Now there is one word in the extended vocabulary of barrack-room abuse that cannot pass without comment. You may call a man a thief and risk nothing. You may even call him a coward without finding more than a boot whiz past your ear, but you must not call a man a bastard unless you are prepared to prove it on his front teeth.

“You might ha’ kep’ that till I wasn’t so sore,” said Lew sorrowfully, dodging round Jakin’s guard.

“I’ll make you sorer,” said Jakin genially, and got home on Lew’s alabaster forehead. All would have gone well and this story, as the books say, would never have been written, had not his evil fate prompted the Bazar-Sergeant’s son, a long, employless man of five-and-twenty, to put in an appearance after the first round. He was eternally in need of money, and knew that the boys had silver.

“Fighting again,” said he. “I’ll report you to my father, and he’ll report you to the Colour-Sergeant.”

“What’s that to you?” said Jakin with an unpleasant dilation of the nostrils.

“Oh! nothing to me. You’ll get into trouble, and you’ve been up too often to afford that.”

“What the Hell do you know about what we’ve done?” asked Lew the Seraph. “You aren’t in the Army, you lousy, cadging civilian.”

He closed in on the man’s left flank.

“Jes’ ‘cause you find two gentlemen settlin’ their diff’rences with their fistes you stick in your ugly nose where you aren’t wanted. Run ‘ome to your ‘arf-caste slut of a Ma — or we’ll give you what-for,” said Jakin.

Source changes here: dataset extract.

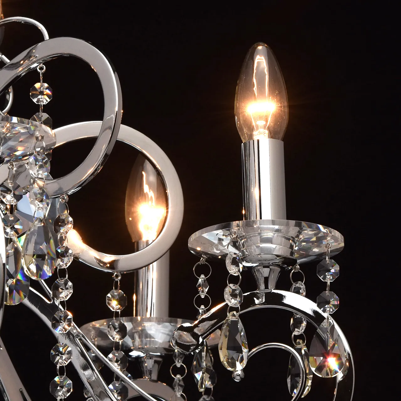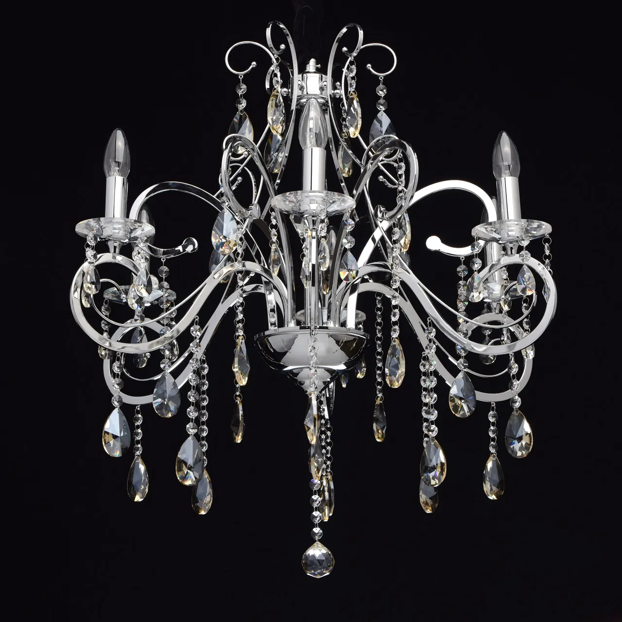 Металлическое основание цвета хрома, декоративные подвески из хрусталя

The man attempted reprisals by knocking the boys’ heads together. The scheme would have succeeded had not Jakin punched him vehemently in the stomach, or had Lew refrained from kicking his shins. They fought together, bleeding and breathless, for half an hour, and, after heavy punishment, triumphantly pulled down their opponent as terriers pull down a jackal.

“Now,” gasped Jakin, “I’ll give you what-for.” He proceeded to pound the man’s features while Lew stamped on the outlying portions of his anatomy. Chivalry is not a strong point in the composition of the average drummer-boy. He fights, as do his betters, to make his mark.

Ghastly was the ruin that escaped, and awful was the wrath of the Bazar-Sergeant. Awful too was the scene in Orderly-room when the two reprobates appeared to answer the charge of half-murdering a “civilian.” The Bazar-Sergeant thirsted for a criminal action, and his son lied. The boys stood to attention while the black clouds of evidence accumulated.

“You little devils are more trouble than the rest of the Regiment put together,” said the Colonel angrily. “One might as well admonish thistledown, and I can’t well put you in cells or under stoppages. You must be birched again.”

“Beg y’ pardon, Sir. Can’t we say nothin’ in our own defence, Sir?” shrilled Jakin.

“Hey! What? Are you going to argue with me?” said the Colonel.

“No, Sir,” said Lew. “But if a man come to you, Sir, and said he was going to report you, Sir, for ‘aving a bit of a turn-up with a friend, Sir, an’ wanted to get money out o’ you, Sir-”

The Orderly-room exploded in a roar of laughter. “Well?” said the Colonel.

“That was what that measly jarnwar there did, Sir, and ‘e’d ‘a’ done it, Sir, if we ‘adn’t prevented ‘im. We didn’t ‘it ‘im much, Sir. ‘E ‘adn’t no manner o’ right to interfere with us, Sir. I don’t mind bein’ birched by the Drum-Major, Sir, nor yet reported by any Corp’ral, but I’m — but I don’t think it’s fair, Sir, for a civilian to come an’ talk over a man in the Army.”

A second shout of laughter shook the Orderly-room, but the Colonel was grave.

“What sort of characters have these boys?” he asked of the Regimental Sergeant-Major.